Task brief> Repeat the span of the entries below that starts at the line with "Assim como ocorre" and ends at the line with "以研发人员为例,截止2022", nothing more. Skip the pictures.

Data to process>
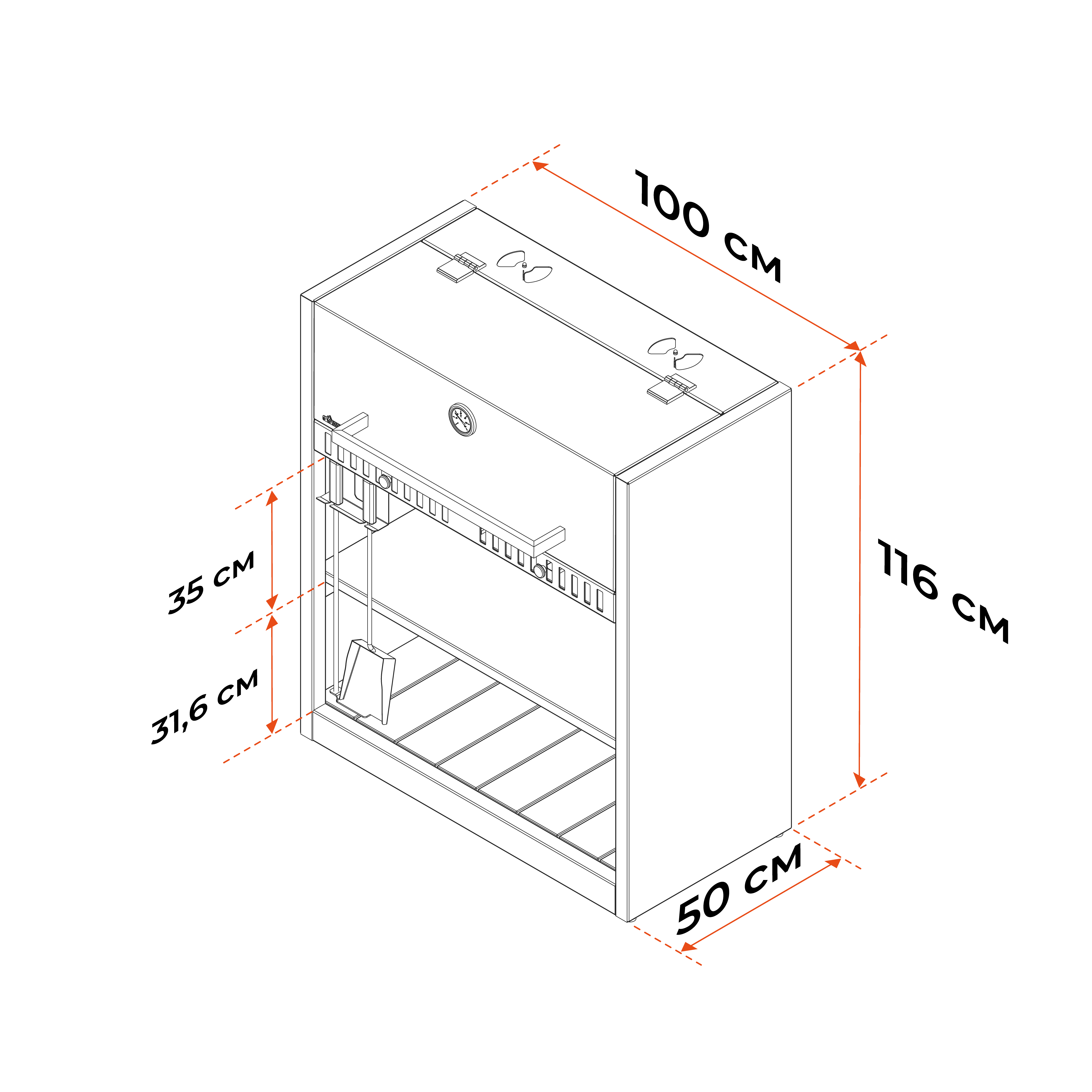 В собранном виде гриль имеет ширину 1 метр и глубину 50 сантиметров.
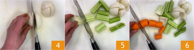 Enjuagad las verduras bajo agua corriente y cortad en trozos grandes la cebolla 4, el apio 5 y la zanahoria 6.
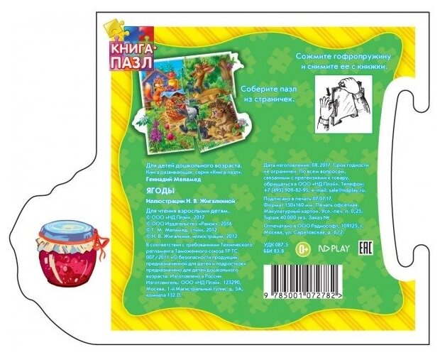 Книга-пазл – забавная книжка, которая превращается в веселую и забавную игру! Книжка состоит из пяти картонных листов, скрепленных пластиковой пружиной, которую легко снять. На каждой странице – короткое веселое стихотворение и фигурка-вырубка, выступающая за пределы страницы. Малышу будет легко и интересно переворачивать листы книжки, держась за прочные выступающие элементы. Если снять пластиковую пружину, пять листов превращаются в детали пазла. Нужно выбрать четыре нужные детали, составляющие картину, и собрать из них пазл.
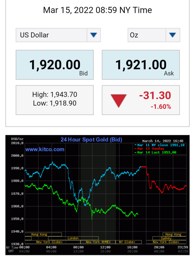 本週前兩日金價,延續自上週三(3月9日)自2060附近持續下墜的走勢,從3月14日開盤後的1988.5,至台北時間3月15日晚間10點30~40分,一路跌破1910美元,最低至1907.43。
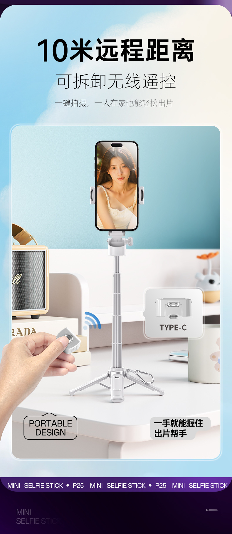 P25 휴대 전화 셀카 스틱 여행 휴대용 휴대용 사진 삼각대 손떨림 방지 개폐식 셀카 스틱 여행 휴대용
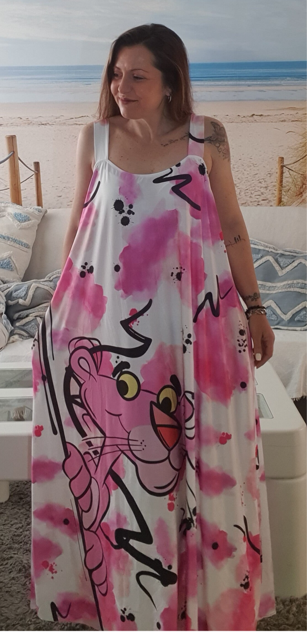 Vestido de la Pantera Rosa tejido punto frío, con tirante ancho .
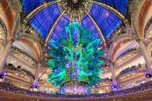 Assim como ocorre dede 1976, uma das atrações mais aguardadas do período é a árvore de Natal montada sob a cúpula da loja. Símbolo icônico, universal e emblemático da celebração cristã, a árvore assume o protagonismo no conto natalino. A cada 30 minutos as luzes se apagam para dar lugar a uma animação sonora e luminosa em que as árvores ganham vida própria, como num passe de mágica. As vitrines da loja também ganham décor temático e retratam a epopeia de Nordmann rumo à Terra, com direito a recriar um universo fantástico povoado pelos personagens do Planeta Sapin, que são divertidos, alegres e por vezes travessos.
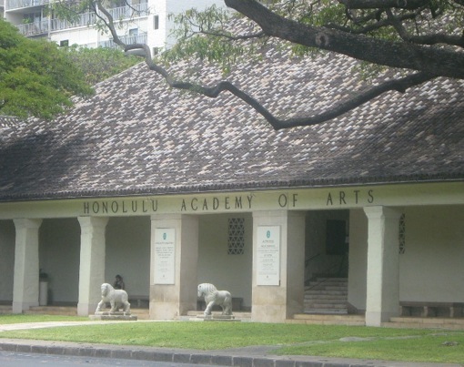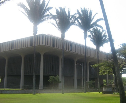 Honolulu (Biblioteca:cabeçalho e coluna 1; Arquivo: coluna 2; Museu Bernice Bishop: coluna 3-4-5 e duas imagens no texto; Academia de artes e Centro da Academia: texto; Monumento de Punchbowl: texto; State Capitol: texto; Monumento aos nativos: texto )
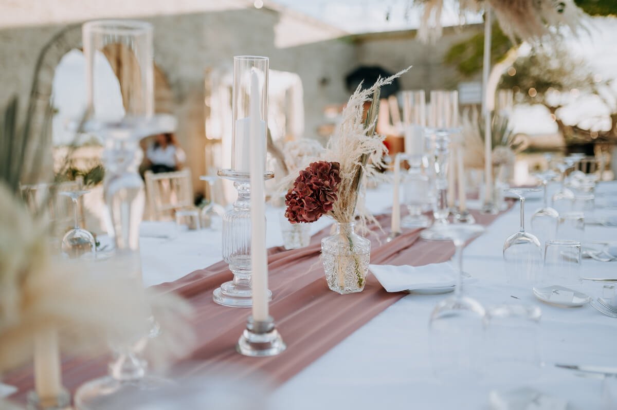 Candele e candelabri per diffondere una luce soffusa e accogliente, quasi intima e perfetta per esaltare l’atmosfera. Un grande tavolo rettangolare per ottenere un effetto conviviale e coinvolgente per parenti e amici, in modo da farli sentire a casa, in una masseria molto naturale con un estetica informale ma comunque ricercata ed elegante.
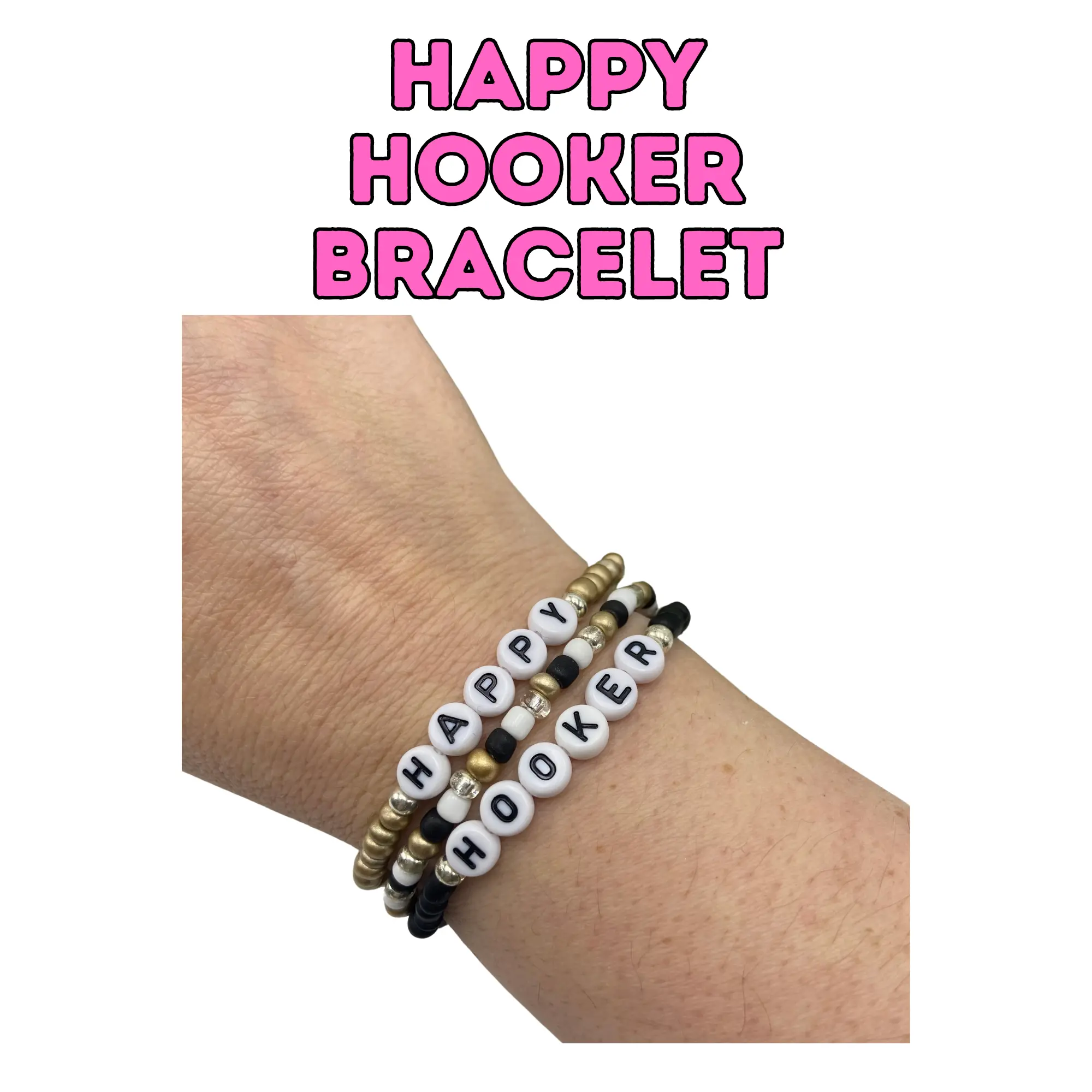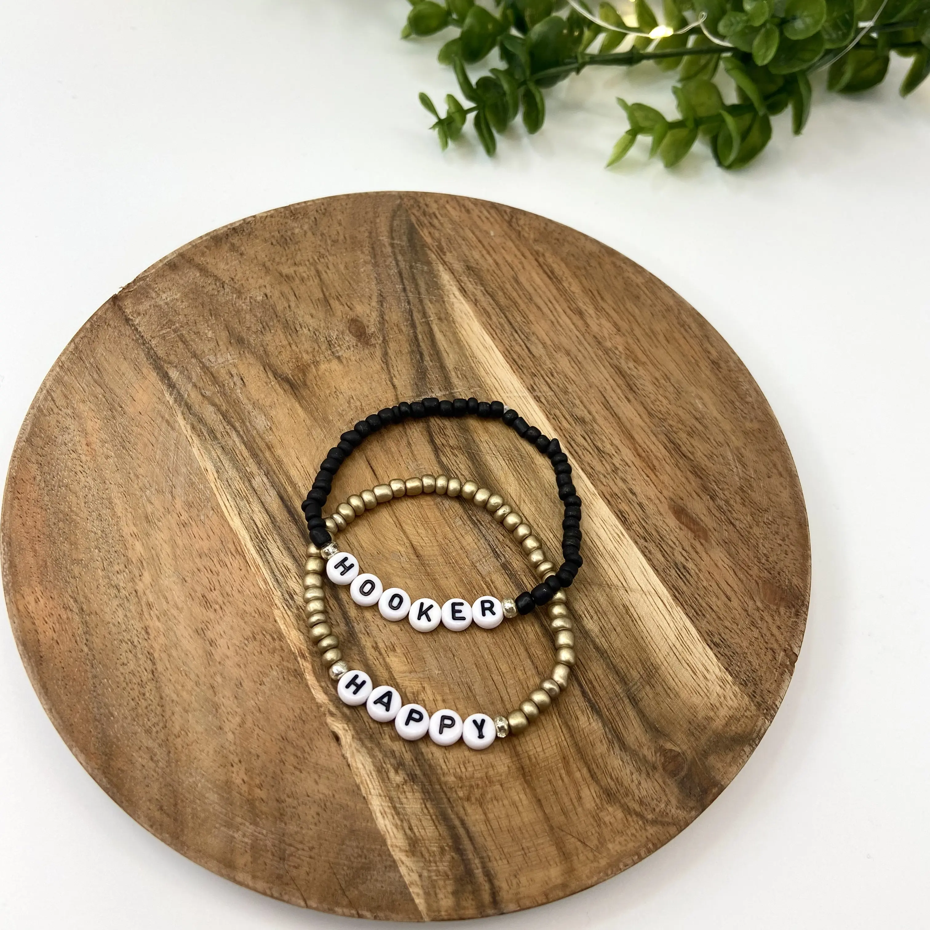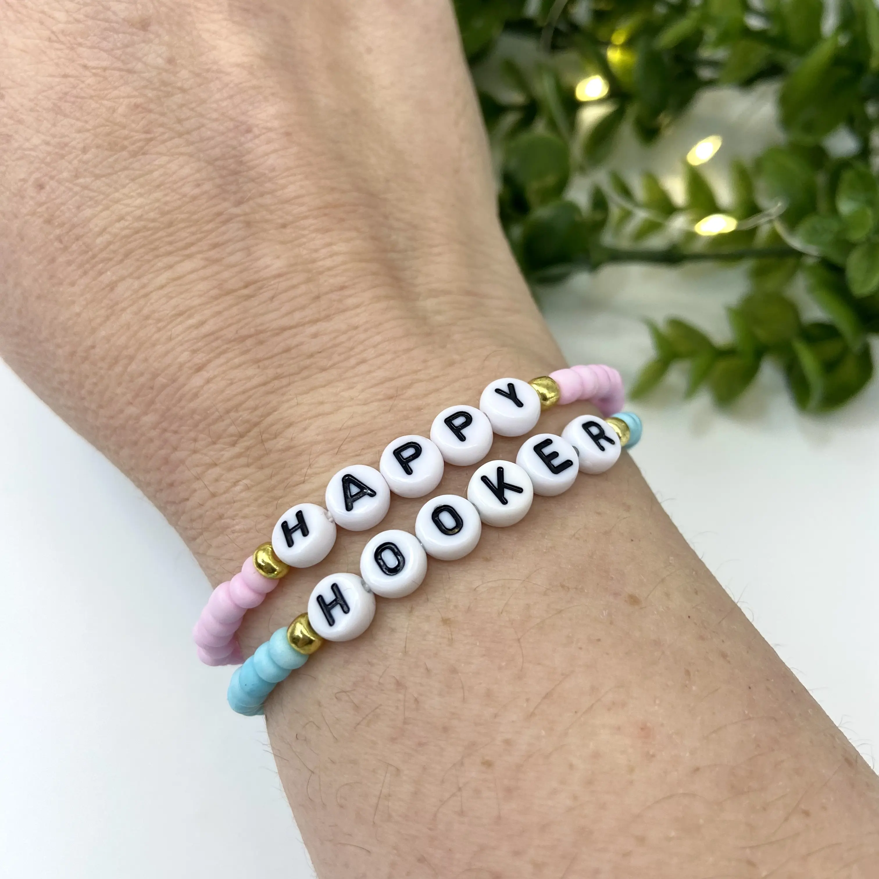 Fun and stylish Happy Hooker stacking beaded bracelets comes in a set of 2.
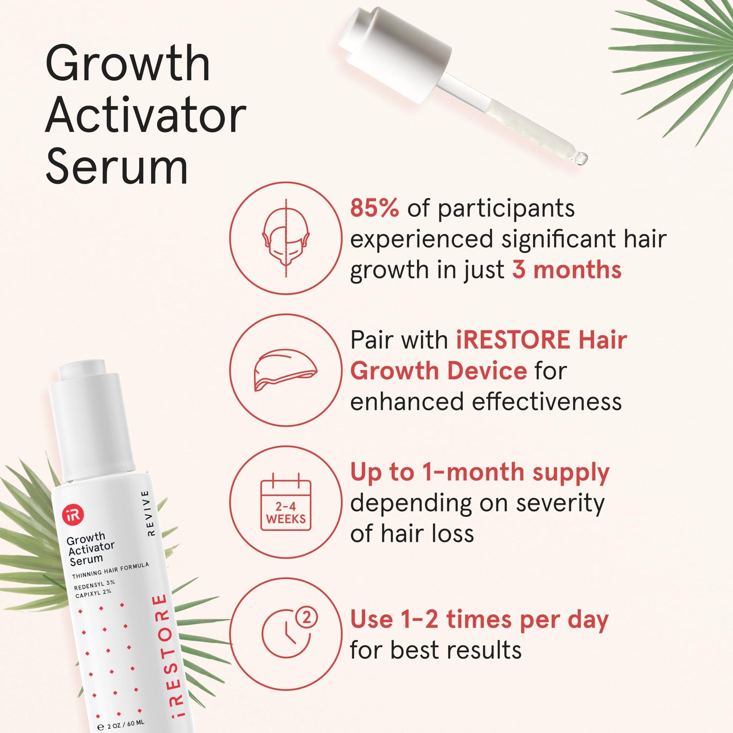 - PROVEN RESULTS: iRestore takes pride in helping countless people embark on their hair regrowth journey. Regain your confidence with our Growth Activator Serum that delivers visible results in as little as 8 weeks of consistent use
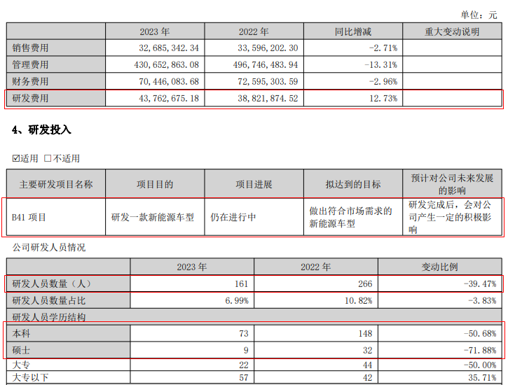 以研发人员为例,截止2022年末,众泰汽车拥有研发人员266人,较上年同期34人猛增近7倍。然而,截止2023年末,众泰汽车研发人员为161人,同比下降近四成。
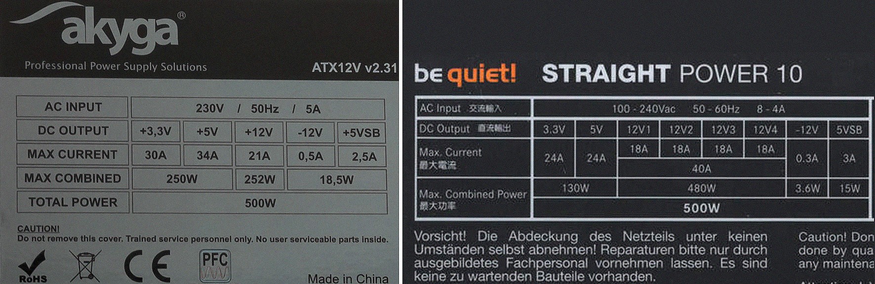Spójrzcie na porównanie obu zasilaczy powyżej. Różnicę zauważycie natychmiast. 12-voltowa linia budżetowej Akygi zapewnia zaledwie 252 W (maksymalne natężenie prądu: 21 amperów). 12-voltowa linia zasilacza be quiet! to 480 W (maksymalne natężenie prądu: 40 amperów). Dla perspektywy: karta GeForce GTX 970 – pod obciążeniem – pobiera 290 W. Wymaga też minimalnego natężenia wynoszącego 28 amperów. Efekt: Akyga nie zasiliłaby tej karty graficznej. Wyposażony w ten zasilacz sprzęt mógłby nawet w ogóle się nie włączyć. Z kolei dla zasilacza marki be quiet! takie obciążenie to tylko dwie trzecie energii, którą przy tym napięciu może rozdysponować.
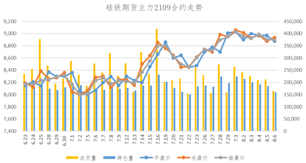 本周硅铁期货盘面高位波动,2109主力合约周开盘价8,900,最高价9,076,最低价8,804,收盘价8,934,结算价8,898,成交量1,054,057,持仓量159,574,涨幅-1.04%。
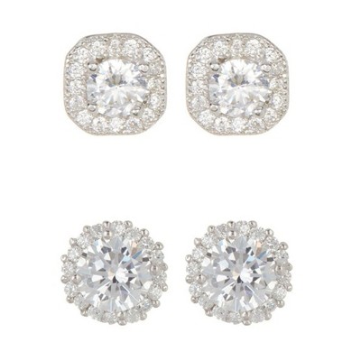 Adornia Silver 2-Piece Halo CZ Earring Set
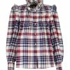 Chemise bleu nuit à manches courtes. Col chemisier. Fermeture par boutons sur le devant. Coupe ample. Base droite.

Answer to this task>
 Assim como ocorre dede 1976, uma das atrações mais aguardadas do período é a árvore de Natal montada sob a cúpula da loja. Símbolo icônico, universal e emblemático da celebração cristã, a árvore assume o protagonismo no conto natalino. A cada 30 minutos as luzes se apagam para dar lugar a uma animação sonora e luminosa em que as árvores ganham vida própria, como num passe de mágica. As vitrines da loja também ganham décor temático e retratam a epopeia de Nordmann rumo à Terra, com direito a recriar um universo fantástico povoado pelos personagens do Planeta Sapin, que são divertidos, alegres e por vezes travessos.
 Honolulu (Biblioteca:cabeçalho e coluna 1; Arquivo: coluna 2; Museu Bernice Bishop: coluna 3-4-5 e duas imagens no texto; Academia de artes e Centro da Academia: texto; Monumento de Punchbowl: texto; State Capitol: texto; Monumento aos nativos: texto )
 Candele e candelabri per diffondere una luce soffusa e accogliente, quasi intima e perfetta per esaltare l’atmosfera. Un grande tavolo rettangolare per ottenere un effetto conviviale e coinvolgente per parenti e amici, in modo da farli sentire a casa, in una masseria molto naturale con un estetica informale ma comunque ricercata ed elegante.
 Fun and stylish Happy Hooker stacking beaded bracelets comes in a set of 2.
 - PROVEN RESULTS: iRestore takes pride in helping countless people embark on their hair regrowth journey. Regain your confidence with our Growth Activator Serum that delivers visible results in as little as 8 weeks of consistent use
 以研发人员为例,截止2022年末,众泰汽车拥有研发人员266人,较上年同期34人猛增近7倍。然而,截止2023年末,众泰汽车研发人员为161人,同比下降近四成。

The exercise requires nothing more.